FROM A, B, C, D, E, F
WHERE ...
AND A.DELETED = 0
AND B.DELETED = 0
AND C.DELETED = 0
AND D.DELETED = 0
AND E.DELETED = 0
AND F.DELETED = 0
-
@wharrgarbl in databases you just create a view that only includes records that aren't marked deleted.
-
@anotherusername look at you and your fancy views
-
@anotherusername said in Best Linked List Ever:
@wharrgarbl @Steve_The_Cynic I'm going to go with on this one...
Nope. I'm well aware of the reference. Most of those embedded systems I worked on didn't have filesystems, nor operating systems as such.
-
@wharrgarbl said in Best Linked List Ever:
@dcon C# List is an array of references. That is quick to delete, but C# references will have the same memory locality problems of linked lists.
I dunno if there is any way to ensure objects are together in memory in .NET or any other memory managed language.
Use a list of
struct
s, since they're value types they'd be all together in the array.
-
@Steve_The_Cynic yeah, well, I was pretty sure that @wharrgarbl at least didn't make the connection, and you pretended not to so I went ahead and whooshed you both...
-
@Steve_The_Cynic said in Best Linked List Ever:
Most of those embedded systems I worked on didn't have filesystems, nor operating systems as such.

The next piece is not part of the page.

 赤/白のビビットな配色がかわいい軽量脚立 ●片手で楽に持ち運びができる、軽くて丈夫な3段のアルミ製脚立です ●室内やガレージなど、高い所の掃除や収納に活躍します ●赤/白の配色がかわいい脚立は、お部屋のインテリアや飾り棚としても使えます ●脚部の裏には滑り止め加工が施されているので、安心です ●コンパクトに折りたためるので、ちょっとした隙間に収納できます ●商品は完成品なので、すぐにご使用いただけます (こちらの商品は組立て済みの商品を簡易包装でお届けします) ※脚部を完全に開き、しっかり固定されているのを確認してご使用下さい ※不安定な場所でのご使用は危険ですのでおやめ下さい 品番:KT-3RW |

The one I'm working has a filesystem, but you need to access with special snowflake functions instead of the usual stdio ones. It sucks for porting code.
-
@Steve_The_Cynic said in Best Linked List Ever:
Almost all the embedded stuff I've ever done(1) has been in C.
You can do C++ on the serious embedded platforms just fine, but you have to profile the language pretty hard. The big thing that absolutely has to be removed from the base language is exceptions, as their cost in terms of memory is pretty huge. That in turn means you lose the whole of the C++ standard library and Boost, but that's less of a problem. ;-) Virtual inheritance can stay in limited circumstances, but that's usually only required where you would otherwise have to have other types of indirect call if you were doing it in C, so the actual cost is largely moot.

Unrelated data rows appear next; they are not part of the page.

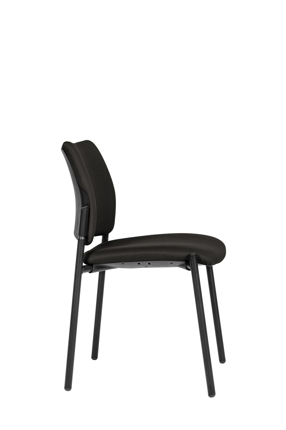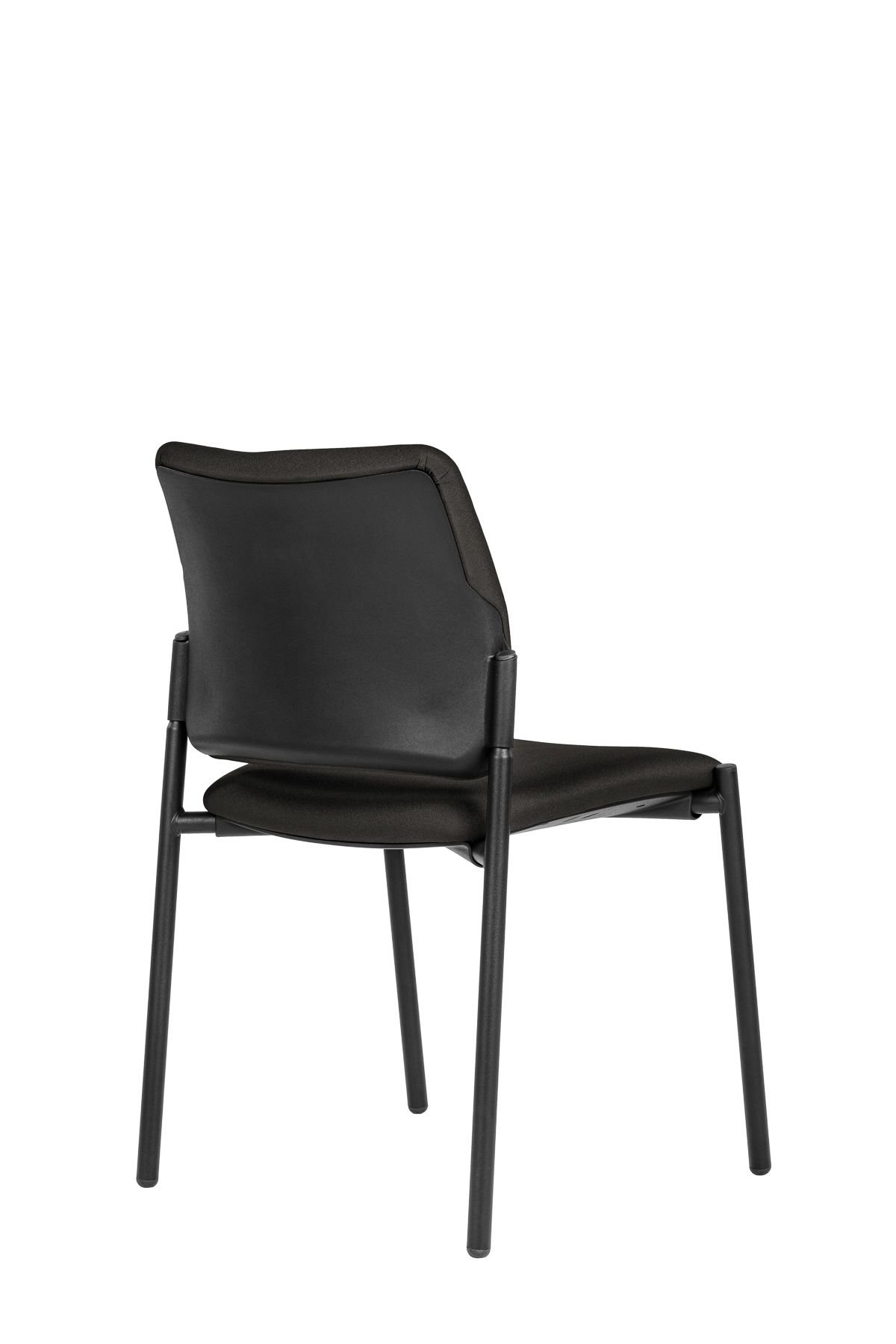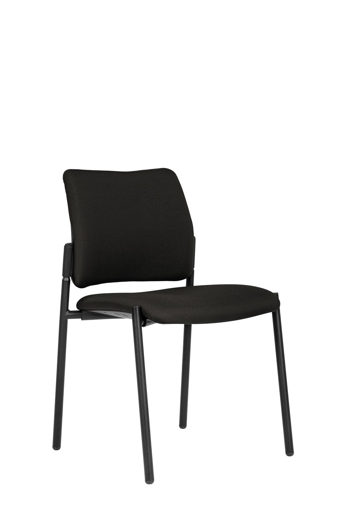 moderní jednací židle bez područek, čalouněný sedák a opěrák, ocelový rám lakovaný černě, stohovatelnost 5 kusů, nosnost 120 kg, záruka 36 měsíců, český výrobek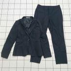 ウィズ with SLATECHNO STRESS RELIEF ストレッチ スカートスーツ 上下セット ストライプ 濃紺 7AR レディース
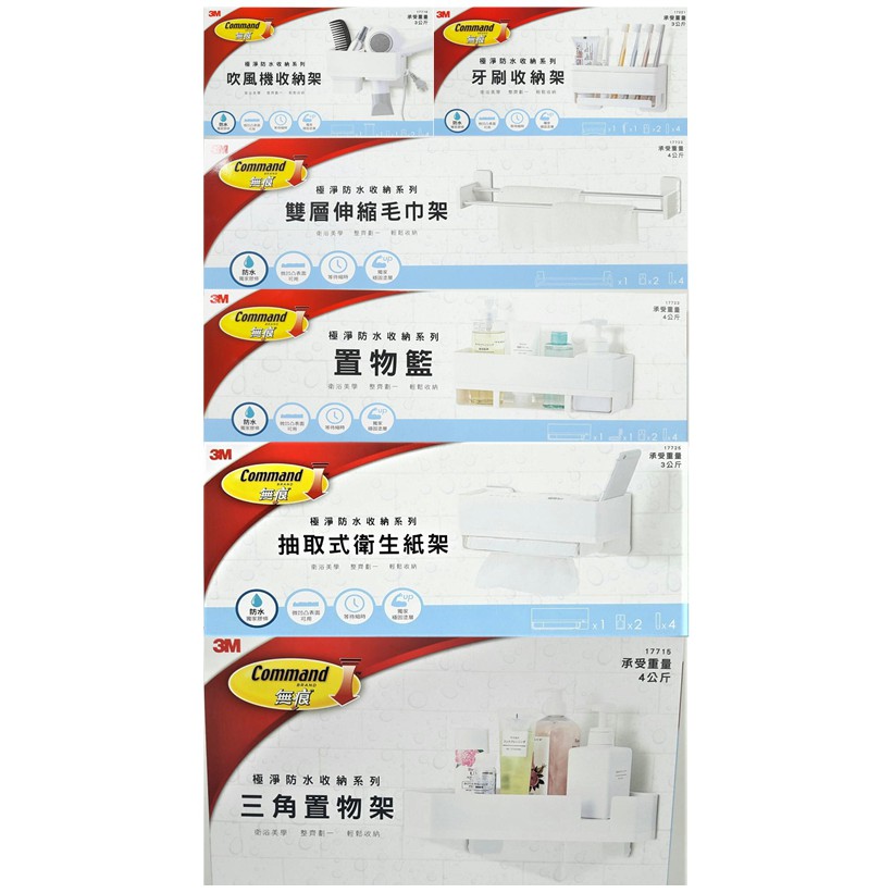 3M 無痕極淨防水收納 三角置物架.吹風機收納架.牙刷收納架.雙層伸縮毛巾架.置物籃.衛生紙架含稅附發票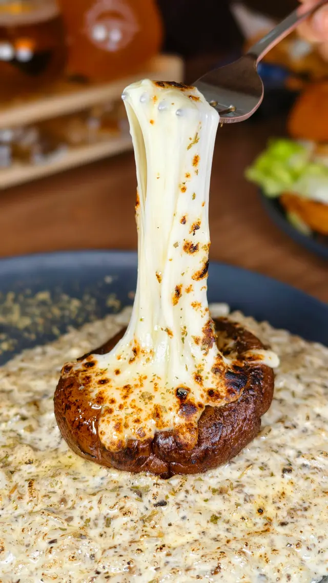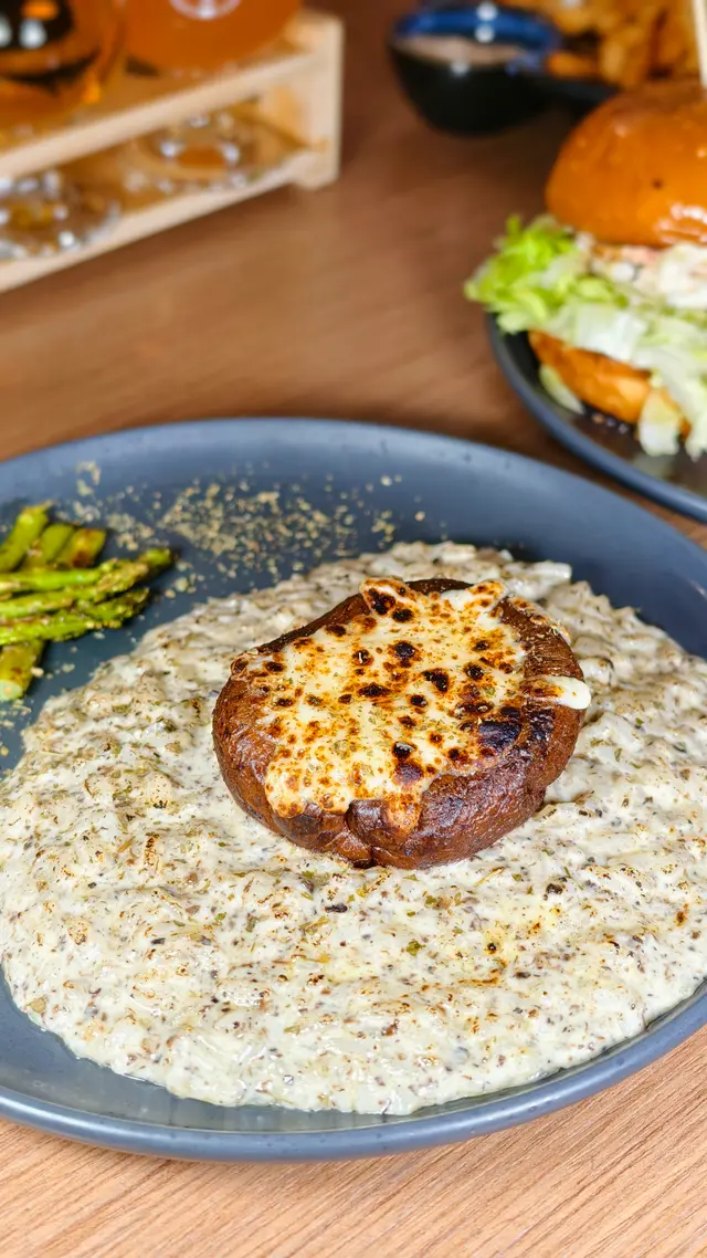 意大利飯愛好者一定會尖叫💥!呢個灸燒芝士大啡菇松露意大利飯真係香到成枱人流口水🤤。飯粒煮到恰到好處,保留微微米心口感,淋上濃郁松露醬,香氣即刻爆出嚟🌟。大啡菇切得厚厚一片,經過灸燒後帶有焦香,肉感厚實,每一啖都juicy到不得了🍄。最驚喜係面頭拉絲嘅芝士🧀,用火槍燒到表面焦脆,芝香滿溢,配合松露同菇香,味道層次豐富!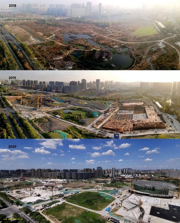 2018年至2020年間,杭州運河亞運公園變遷。田曉攝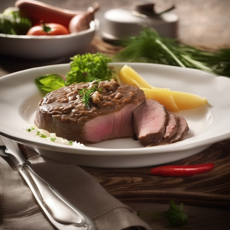 Ein köstliches Gericht mit zartem Rindfleisch und würziger Meerrettichsoße. Perfekt für besondere Anlässe oder gemütliche Abendessen.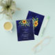 A navy blue background decorated with sunflowers, eucalyptus greenery. The blue color is uneven. Personalize and add your names and party details.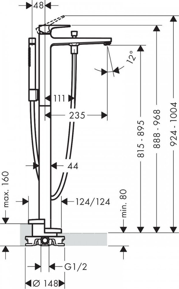 - состоит из: смеситель для ванны напольный, ручной душ-«палочка», шланг для душа, держатель для душа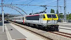 Arrivée à Bruxelles-Midi d'une 27 remorquant une rame de voitures M6.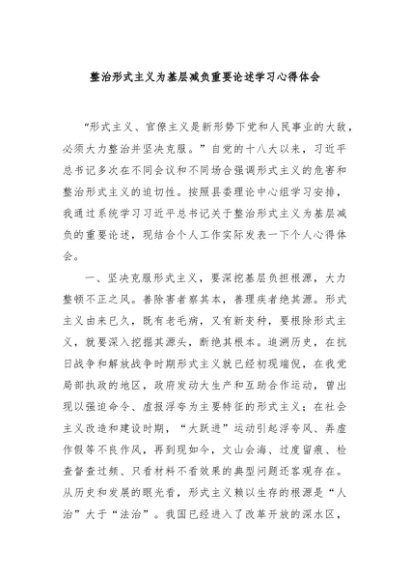 / 【七哥公文】2024年:整治形式主义为基层减负重要论述学习心得体会+更多免费公文+VX:QiGeGongWen2024

RTTI is another no-no, but you probably haven't got all that many objects in the first place; hard-coding something instead if required is actually practical.
-
@dkf said in Best Linked List Ever:
@Steve_The_Cynic said in Best Linked List Ever:
Almost all the embedded stuff I've ever done(1) has been in C.

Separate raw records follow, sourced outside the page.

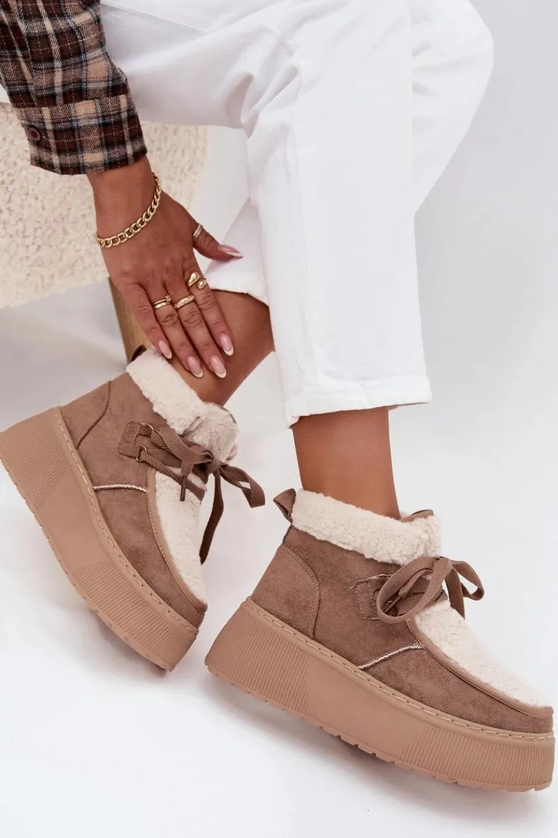 Śniegowce damskie wykonane z miękkiego eko zamszu to idealny wybór na zimowe dni. Model wsuwany ze sznurowaniem świetnie dopasowuje się do stopy, a wnętrze ocieplane futerkiem gwarantuje ciepło i wygodę. Osadzone na solidnej platformie, skutecznie izolują od chłodnego podłoża. To praktyczne i stylowe obuwie, które doskonale sprawdzi się w codziennych, zimowych stylizacjach. Przy wyborze rozmiaru prosimy sugerować się tabelą rozmiarów.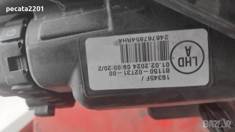 Прoдавам - оригинален ляв фар за Тойота Корола (Toyota Corolla) 2019 г. Фара има сурнато на стъклото, което може да се заличи с по упорито полиране, корпуса е здрав, има едно счупено краче - горе към калника (на снимките се вижда). Оригиналния номер е 8115002T31. Цена - 380 лв.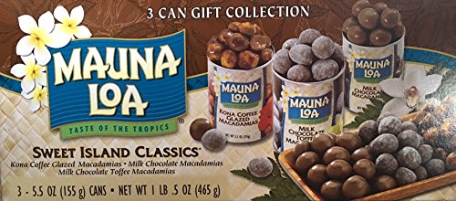 -. Feature : Sweet Island Classics / Kona Coffee Glazed Macadamias / Milk Chocolate Macadamias / Milk Chocolate Toffee Macadamias / 3 Can Gift Collection
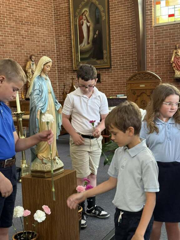 and prayed the Rosary with each grade presenting a petition for prayer.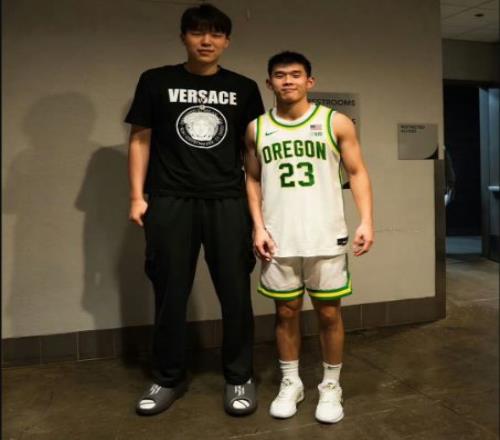 杨瀚森来到了现场观战,为俄勒冈大学出战的老乡林葳助威。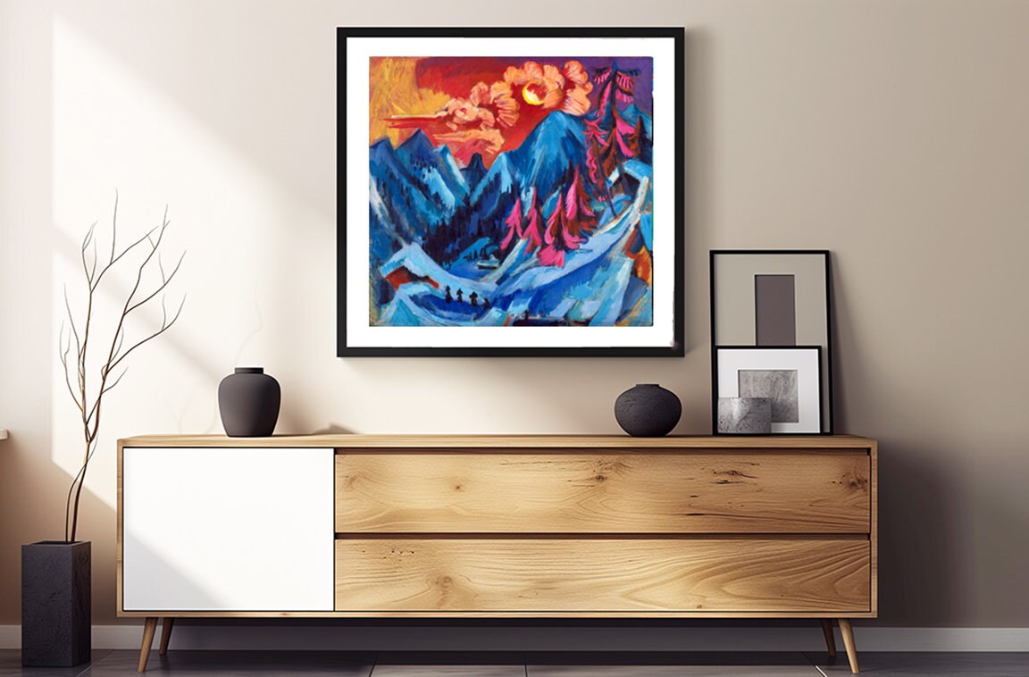 Printed on high quality paper, cotton canvas or adhesive sticker paper. A high quality reproduction of painting by Ernst Ludwig Kirchner. Professional packaging for safe shipping. Natural white border will be added to the image for mounting and framing.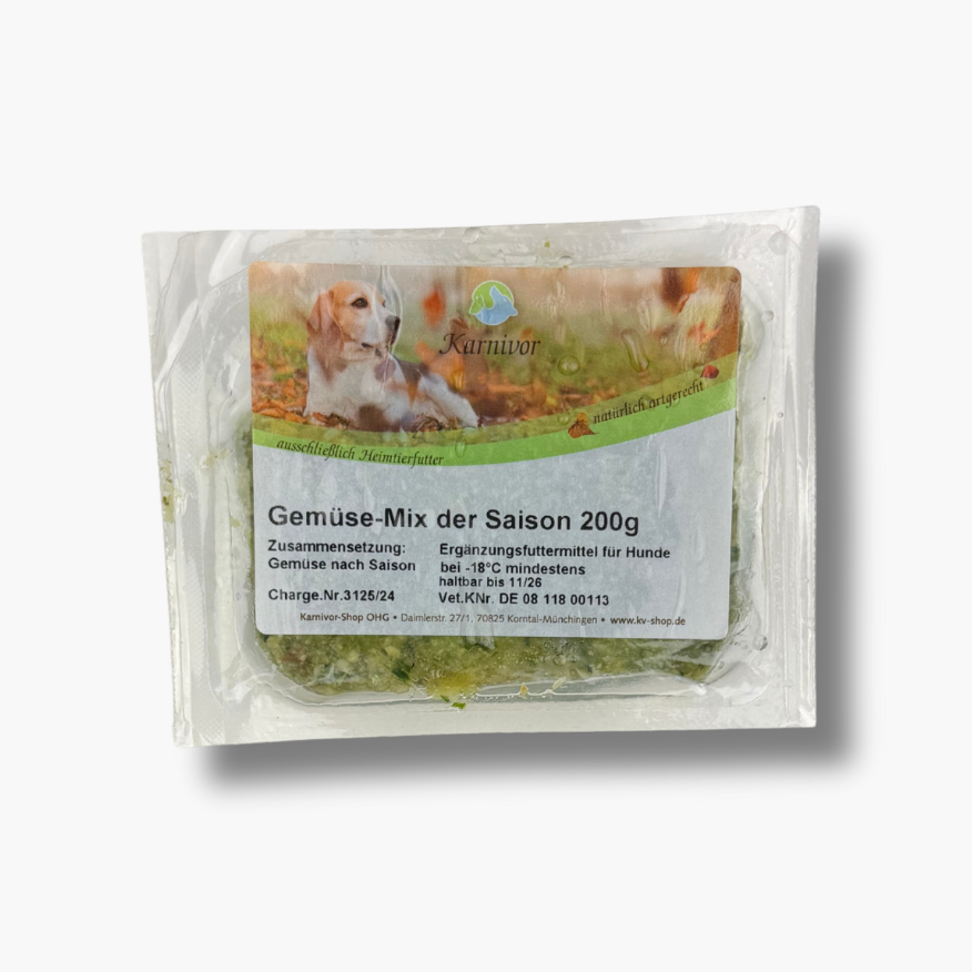 Frisches Gemüse der Saison, wie z.B. Broccoli, Blumenkohl, Zucchini, verschiedene Salate, Fenchel, Spargel und Sellerie – alles in Marktqualität. So kann Ihr Hund von vielen wichtigen Vitaminen profitieren. Zudem beinhaltet der Gemüse-Mix der Saison hochwertige Salate wie beispielsweise Batavia, Novita, Feld und Ackersalat. Wichtig ist, dass Sie beim Füttern mit unserem Gemüsebrei immer eine Fettquelle hinzugeben, wie z.B. ein Esslöffel Öl, Quark, Joghurt oder Ei. So ermöglichen Sie, dass der Hund fettlösliche Vitamine E, D, K und A besser aufnehmen kann. Besteht aus 75% saisonalem Gemüse und 25% Äpfeln.

You can do C++ on the serious embedded platforms just fine, but you have to profile the language pretty hard. The big thing that absolutely has to be removed from the base language is exceptions, as their cost in terms of memory is pretty huge. That in turn means you lose the whole of the C++ standard library and Boost, but that's less of a problem. ;-) Virtual inheritance can stay in limited circumstances, but that's usually only required where you would otherwise have to have other types of indirect call if you were doing it in C, so the actual cost is largely moot.
RTTI is another no-no, but you probably haven't got all that many objects in the first place; hard-coding something instead if required is actually practical.
Oh, yeah, I know all that. When the embedded system is a 68HC11E9 with 18K of RAM, and the year is 1992, C++ is a non-starter.